Rui Miguel Leitão Ferreira: Outdoors – Paintings for a Post-Pandemic World

4 March - 14 April 2023

Mind Set Art Center is honored to collaborate with Portuguese artist Rui Miguel Leitão Ferreira and present “Outdoors – Paintings for a Post-Pandemic World”, his first-ever solo exhibition in Taiwan and Asia. The show will run from March 4 through April 14, 2023 and features over 30 of Ferreira’s newest paintings. We extend a warm invitation to you to join us and explore the artist’s latest work.

 

For Rui Miguel Leitão Ferreira, expressing his thoughts and pushing boundaries through painting has always been part of him. A native of Portugal (B.1977, Lisbon), Ferreira has shown a unique awareness since a young age, capturing any passing element of interest, such as the beats of techno music or the color hues of 80’s video games, and transforming them into vivid colors and sharp brush strokes. During his formal art training at the University of Lisbon and later on, at the Goldsmith’s College, Ferreira pushed his further painting into the realm of abstraction by experimenting with elements of informalism and minimalism.

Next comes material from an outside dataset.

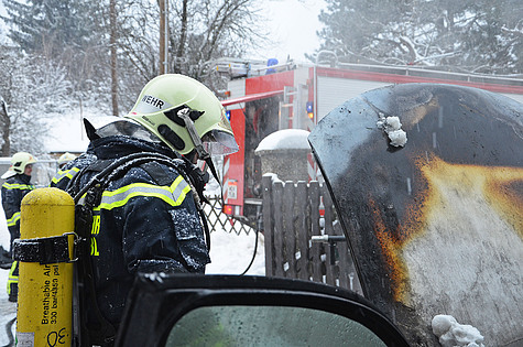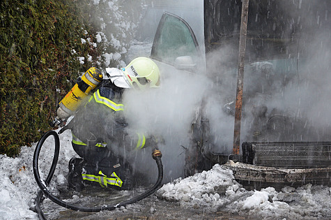 Mit einer Hochdruckleitung und unter Atemschutz wurde der Vollbrand des Motorraumes abgelöscht. Der Besitzer wurde durch das Rote Kreuz zur weiteren Versorgung ins Krankenhaus gebracht.
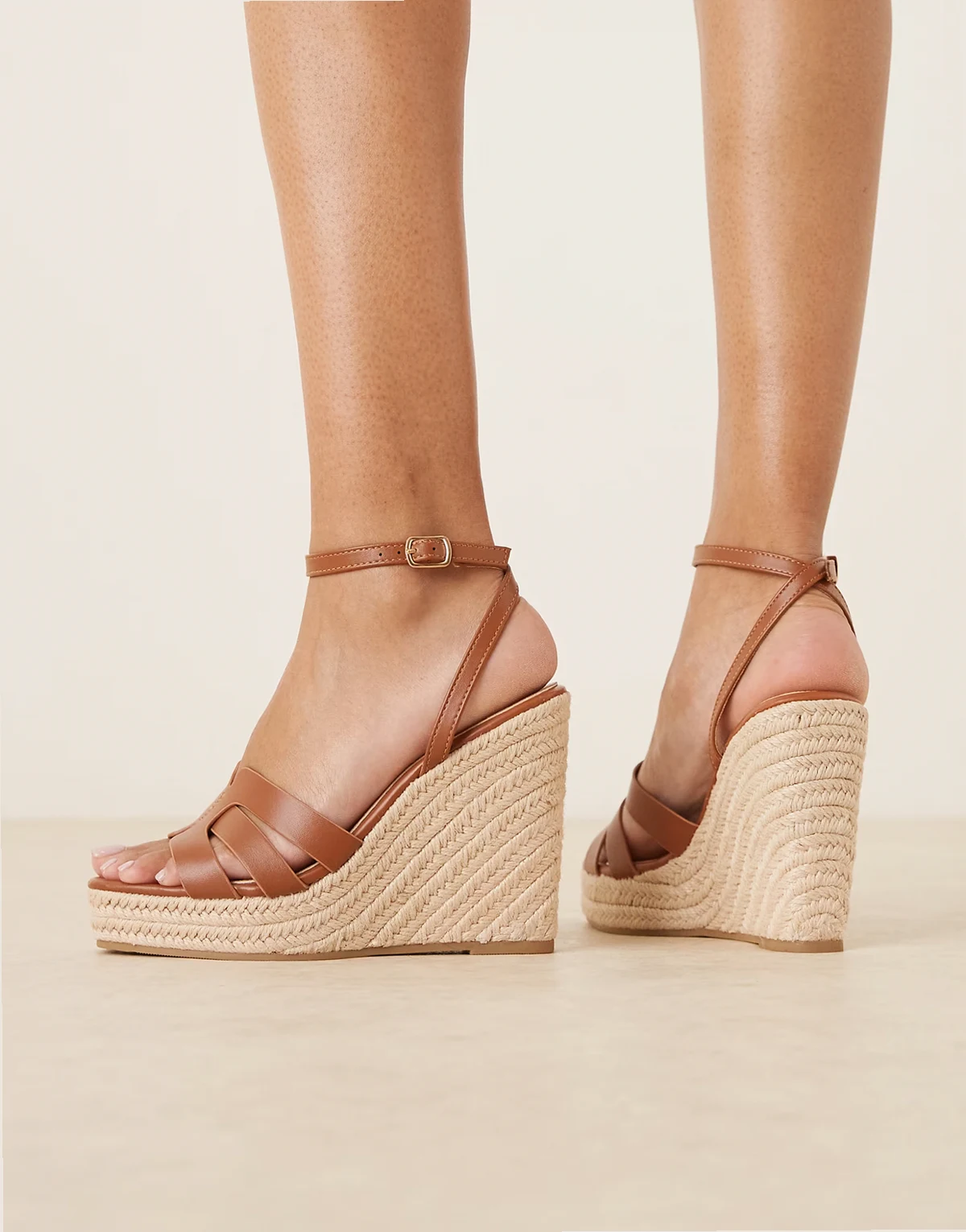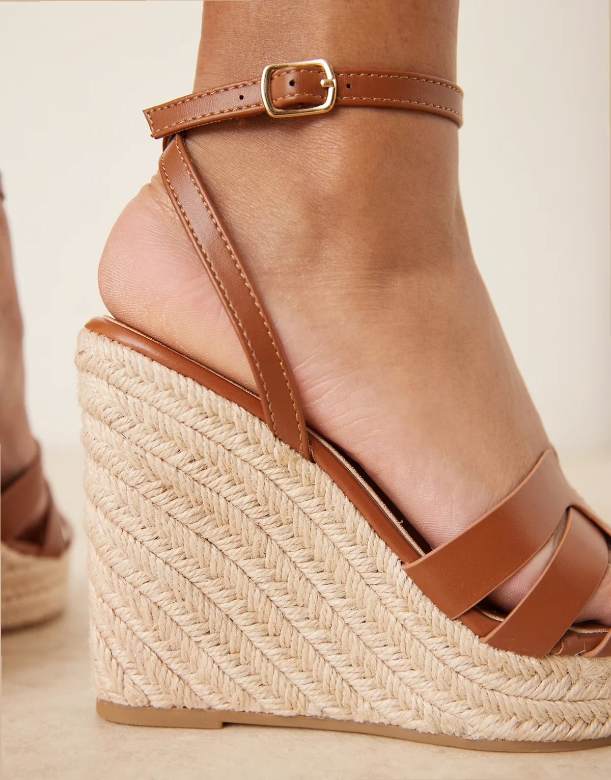 – Espadrilles-Sandaletten in Hellbraun mit Keilabsatz

When the pandemic brought the world to a halt, Ferreira acutely felt the impact of the various restriction protocols everywhere he went: he was barred from social gatherings and confined indoors on many occasions. This sudden distancing from society elicited an intense sense of isolation that’s deep-rooted within him. “Outdoors – Painting for a Post-Pandemic World” is a collection of Ferreira’s latest paintings. It encapsulates the artist’s thoughts and inner reflections on the drastic changes, as well as his imagination of a world that’s no longer there.

 

The scenes in Ferreira’s paintings are akin to a series of movie freeze-frames, capturing moments of people engaged in chatting, surfing, sunbathing, etc. These came straight from the artist’s mind as he imagines seeing these from the window of his studio. With his fluid brush strokes rooted in decades of abstraction painting, the artist has reduced people and their backdrops into intertwined lines, dancing color patches and geometrical relations between humans and other subjects. These techniques allow him to accentuate the essence of each frame: the sensuality of the human bodies, the unbridled expressiveness of their kinetics, the vastness and unknown nature of what lies in the distance. His work displays a duality on many levels: the free-handed drawing elicits a sense of palpable chaos, where a faint order of things are embedded. This inner contradiction is mirrored by the subjects and the circumstances in which they are created: people at the height of their joyous gathering, captured during a time of bleak isolation and agonizing longing for a world that once was. 

 

In the post-pandemic world, “Outdoors” is no longer a real place. It is an artificial construction in which we preserve the warmest memories and the emptiest of hopes.